Votons contre l’assurance santé
Avant cette lecture, je m’imaginais le lobbying comme des personnes en costume, bien propres sur eux, harcelant les parlementaires dans les couloirs de nos institutions…
En fait c’est un peu comme cela en Europe. Mais aux États-Unis le lobbying est devenu une science pour changer l’opinion publique, pour que celle-ci fasse pression sur le législateur. Ainsi cet exemple où à son époque, Bill Clinton voulait réformer le système de la santé (p. 291). Il avait de grandes chances de réussite : son parti, quelques républicains, et l’opinion publique y étaient favorables. C’est alors que les sociétés d’assurances et pharmaceutiques ont lancé une campagne d’informations (dont notamment la vidéo “Harry and Louise” dont l’argument était… que ça entraînerait des tracasseries administratives !). Un système diabolique (p. 296) consistait à inviter les gens à téléphoner à un numéro vert (affiché après une publicité contre la réforme, évidemment) : ils étaient accueillis par un télévendeur qui, après quelques mots, les transférait au représentant local du congrès… Celui-ci recevait alors l’appel d’un citoyen en colère, sans connaître tout le cheminement ! Et c’est ainsi que les Américains en sont venus à dire : non, nous ne voulons pas de cette réforme de l’assurance santé.
L’arnaque de l’information
Ah cette “industrie du mensonge”, c’est un sujet vaste, et je le traverse en zigzag sans savoir où donner de la tête : espionnage, introduction d’agents perturbateurs dans les ONG, faux témoignages, paroles d’experts inexistants, opinions d’associations bidons, faux rapports, campagnes de dénigrement, faux représentants…
Quant aux instigateurs, ne croyez pas qu’il ne s’agit que de grosses industries : ce sont aussi des dictateurs voulant se donner une bonne image en dehors de leurs frontières, des gouvernements voulant justifier une offensive militaire, des partis politiques voulant contrecarrer des projets de loi…

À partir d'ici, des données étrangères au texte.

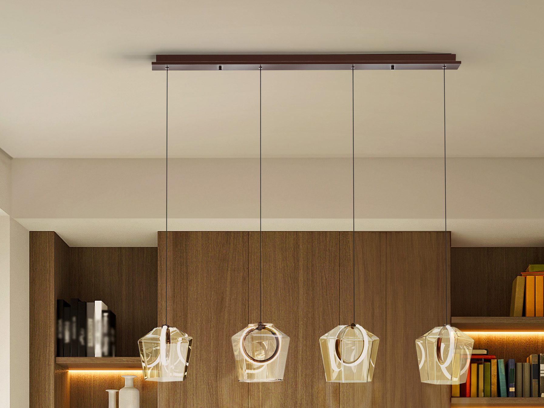 Lamp of 4 lights made of brushed aluminium finished in dark bronze tone. Tinted glass shades in champagne tonality with an inner LED light ring and silicone diffuser. 24W LED, 644 lm, 3000K

Quand je suis arrivé à la fin du livre, je me suis dit “certes, mais maintenant nous avons Internet, et donc accès à toute l’information que nous voulons pour nous faire une opinion”. C’était sans compter le dernier chapitre annexé à l’édition française, qui nous explique que la fausse information est introduite en masse, par les mêmes acteurs, et que par toutes les ficelles du référencement, celle-ci arrive en tête dans les moteurs de recherche !
Pauvre démocratie
J’ai refermé ce livre en me disant que, décidément, on ne mesure pas les moyens déployés pour forger nos idées. Certes, tout cela se passe principalement dans le pays le plus libéral de notre planète, mais celui-ci est souvent pris pour modèle et nous montre ce qu’il pourrait nous arriver. On est pour ou on est contre les principes de ce pays, mais je termine par un dernier fait qui justifie ma place dans le deuxième camp : près de la moitié des membres du Congrès, sénateurs et représentants sont millionnaires (p. 267). Ont-ils les mêmes intérêts que la population ? Permettez-moi d’en douter, et de conclure comme les auteurs qu’un autre pouvoir se substitue à la démocratie…
“L’industrie du mensonge” (John Stauber & Sheldon Rampton), Elements (Agone), 408 pages.